W skrzynkach pocztowych możecie znaleźć korespondencję "z banku" zawierającą załączniki ze złośliwym oprogramowaniem. Nie otwierajcie ich
Zaufana Trzecia Strona opisuje kolejny atak na klientów mBanku. Otrzymują oni e-maile, wyglądające jak potwierdzenie przelewu wysłane przez bank. W treści wiadomości znajdują się numery rachunku oraz faktury a także prawdziwa nazwa nadawcy przelewu. W przykładach podanych przez ZTS jest nim zazwyczaj pracodawca atakowanego internauty.
Wirus umieszczono w załączniku PDF z rzekomym potwierdzeniem przelewu. Gdy zostanie on przez ofiarę ataku otwarty, przenosi internautę na stronę, gdzie na urządzenie pobierane jest złośliwe oprogramowanie szyfrujące dane umieszczone na dysku.

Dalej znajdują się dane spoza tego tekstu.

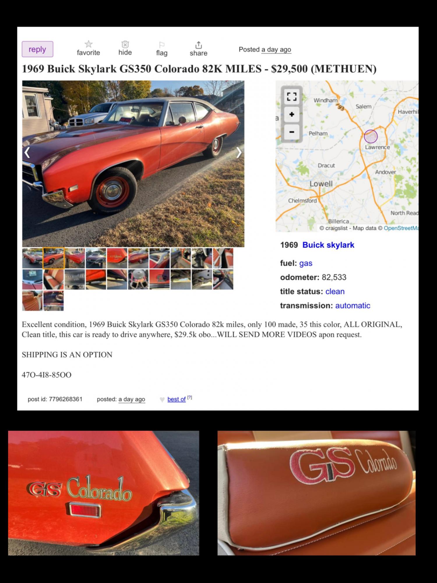 1971 Boss 351 , 17,000 miles .. 1971 Buick GS455 .. 2003 SVT Cobra .. 1971 GTO .. 1969 Camaro Fathom Green .. 1969 Camaro Hugger Orange .. 1970 Buick GS455 .. 1970 BUICK GS350 .. 1998 SVT Cobra 1900 miles;. 1973 STAGE 1 GS . 1971 Mach 1 351C 4 speed , first car. 1970 Mach 1 428 SCJ . 1970 SS 350 Camaro . 1971 442 ... 1968 Buick GS400 . 2015 Lexus IS 350 F Sport 2021 Badlands Bronco Sport |

To już druga w ostatnim czasie próba ataku na klientów tej instytucji. Nie dalej niż trzy tygodnie temu w tym tekście informowałem Was o wirusie, przed którym mBank ostrzegał w komunikatach wyświetlanych na stronie z serwisem transakcyjnym. Złośliwe oprogramowanie podszywało się wówczas pod aplikację mBanku i wyłudzało loginy oraz hasła. Uzyskane przez przestępców dane umożliwiały kradzież pieniędzy z konta.